2. The property with respect to which the election is made is described as follows:          shares (the “Shares”) of the Common Stock of Autodesk, Inc. (the “Company”).

 

3. The date on which the property was transferred is:         .

 

4. The property is subject to the following restrictions:

The Shares may be forfeited by the Grantee upon certain events.

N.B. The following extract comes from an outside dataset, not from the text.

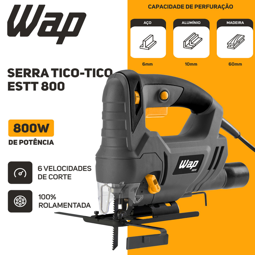 Você estará comprando: 01 Parafusadeira WF 700K10 Acessórios da Parafusadeira: - 01 Chave de mandril - 01 martelo - 01 empunhadura auxiliar - 01 maleta organizadora - 01 Trena de 3m - 01 chave phillips - 01 chave de fenda - 02 brocas de madeira (6 e 8mm) - 03 brocas de alvenaria (5, 6 e 8mm) - 01 limitador de profundidade 01 Serra Tico Tico Estt 800 Acessórios da Serra: - 01 Bocal de Aspiração - 01 Chave Allen - 01 Guia de Corte Paralela Informações da Parafusadeira e Furadeira de Impacto WAP WF 700K10: Mais força para o seu trabalho! Garanta resultados de qualidade em seus projetos com uma ferramenta robusta e de qualidade. Ideal para atividades ocasionais, a Parafusadeira e Furadeira WF 700K10 permite executar perfurações seguras e práticas, com ou sem impacto. A ferramenta possui um motor potente de 700W e mandril de (3/8”) com capacidade para brocas de até 10mm. Além da empunhadura ergonômica da WAP WF 700K10, o punho auxiliar multidirecional do acessório se adapta facilmente às necessidades de profissionais e entusiastas. Seu botão comutador permite executar diferentes tipos de perfurações, independente da tarefa. A versatilidade do equipamento permite que você possa utilizá-lo para perfurações sem impacto em objetos de madeira e aço, assim como perfurações com impacto em peças de concreto e alvenaria, com excelência. Durante trabalhos contínuos, a Parafusadeira e Furadeira de Impacto WAP dá exemplo de desempenho. O botão trava da ferramenta elimina a necessidade de manter o interruptor de acionamento do motor pressionando o tempo todo. Equipada com controlador de velocidade de diferentes níveis, ele permite aplicar a força ideal para cada tipo de projeto. O seletor de reverso da WF 700K10 facilita o ato de parafusar e desparafusar, levando muito mais praticidade para o seu dia a dia. Para completar, a ferramenta WAP acompanha o limitador de profundidade, que torna a operação precisa durante o trabalho e a chave mandril, troca e aperto de brocas. Tenha uma solução completa para dar start no seu projeto! Em uma maleta compacta, a ferramenta vem com 11 acessórios, entre eles: punho auxiliar multidirecional, limitador de profundidade, trena de 3 metros, chave philips, chave de fenda, brocas para madeira (6 e 8 mm), brocas para alvenaria (5, 6 e 8 mm) e martelo. Informações Técnicas: Modelo: WF 700K10 Marca: Wap Tensão: 127V ou 220V (Escolher no momento da compra se estiver disponível) Potência Elétrica: 700W Frequência: 60 Hz Mandril: 1 - 10 mm ( 3/8" ) Número de Impacto: 48.000 min-1 Corrente Elétrica: 4 A e 2 A Torque: 40 Nm Motor: Universal Capacidade de Perfuração em Madeira: 20mm Capacidade de Perfuração em Aço: 10mm Capacidade de Perfuração em Concreto: 10mm Velocidades: 2 Rotações: 3000 RPM Função Impacto: Sim Sistema Reverso: Sim Cabo Elétrico: 1 m Classe de Isolação: II Cor: Cinza e Amarela Peso Aproximado: 2,6 kg Dimensões do Produto (CxLxA): 25 x 20,2 x 7 cm Dimensões Embalagem (CxLxA): 29 x 8,6 x 27,9 cm Garantia: 01 ANO Informações da Serra Tico Tico Estt 800 Wap A Serra Tico Tico WAP ESTT 800 é uma ferramenta capaz de executar cortes retos e curvos, além de outras formas personalizadas de corte. Com potência elétrica de 800W, é uma ferramenta versátil que pode ser usada em diversos tipos de materiais, como aço, alumínio ou madeira. Com seletor de velocidade, você pode escolher do nível 1 ao 6, para maior controle e desempenho do trabalho. O encaixe da lâmina é fácil e rápido, através do sistema de troca de lâminas sem chaves. Conta com 3 posições de ajuste para avanço pendular, para cortes mais rápidos. Ideal para manutenções, faça você mesmo, pequenas reformas, e até para quem deseja realizar trabalhos mais robustos. É uma ferramenta elétrica com base ajustável para cortes angulares, com maior precisão e velocidade durante o uso. A Serra Tico Tico WAP ESTT 800 possui pega ergonômica e emborrachada, além de botão trava para trabalhos contínuos, oferecendo maior praticidade e conforto durante o uso. Vem com bocal de aspiração que permite a sua conexão a um aspirador de pó, o que ajuda a manter a limpeza do ambiente, garantindo uma operação mais eficiente e profissional. Com guia de corte paralela, os cortes ficam muito mais precisos. A ferramenta também possui um suporte para guardar a chave Allen, o que ajuda a trabalhar com mais organização. Informações Técnicas: Modelo: ESTT 800 Marca: Wap Potência: 800 Watts Tensão: 127v ou 220v ( Escolher conforme disponibilidade). Golpes no Vazio: 0-3.000 min-1 Ângulo de Corte: -45° / +45° Perfuração em Aço: 6mm Perfuração em Alumínio: 10mm Perfuração em Madeira: 60mm Cor: Cinza com Amarelo e Preto Dimensões do Cabo Elétrico: 2 Metros Base regulável com regulagem de inclinação de 0 a 45°c. Ajuste Pendular: 3 Níveis Engate Rápido com Encaixe T Dimensões do Produto CxLxA: 21,5x7,5x21cm Peso Aproximado: 2,25 Kg Dimensões da Embalagem CxLxA: 26x 8x21,5cm Garantia: 1 ANO

This right lapses with regard to the Shares based on the continued performance of services by the taxpayer over time.

 

5. The fair market value at the time of transfer, determined without regard to any restriction other than a restriction which by its terms will never lapse, of such property is:

$         

 

6. The amount (if any) paid for such property is:

$        .

The undersigned has submitted a copy of this statement to the person for whom the services were performed in connection with the undersigned’s receipt of the above-described property. The transferee of such property is the person performing the services in connection with the transfer of said property.

The undersigned understands that the foregoing election may not be revoked except with the consent of the Commissioner.

 

Dated:             , 20          

 

      Taxpayer
The undersigned spouse of taxpayer joins in this election.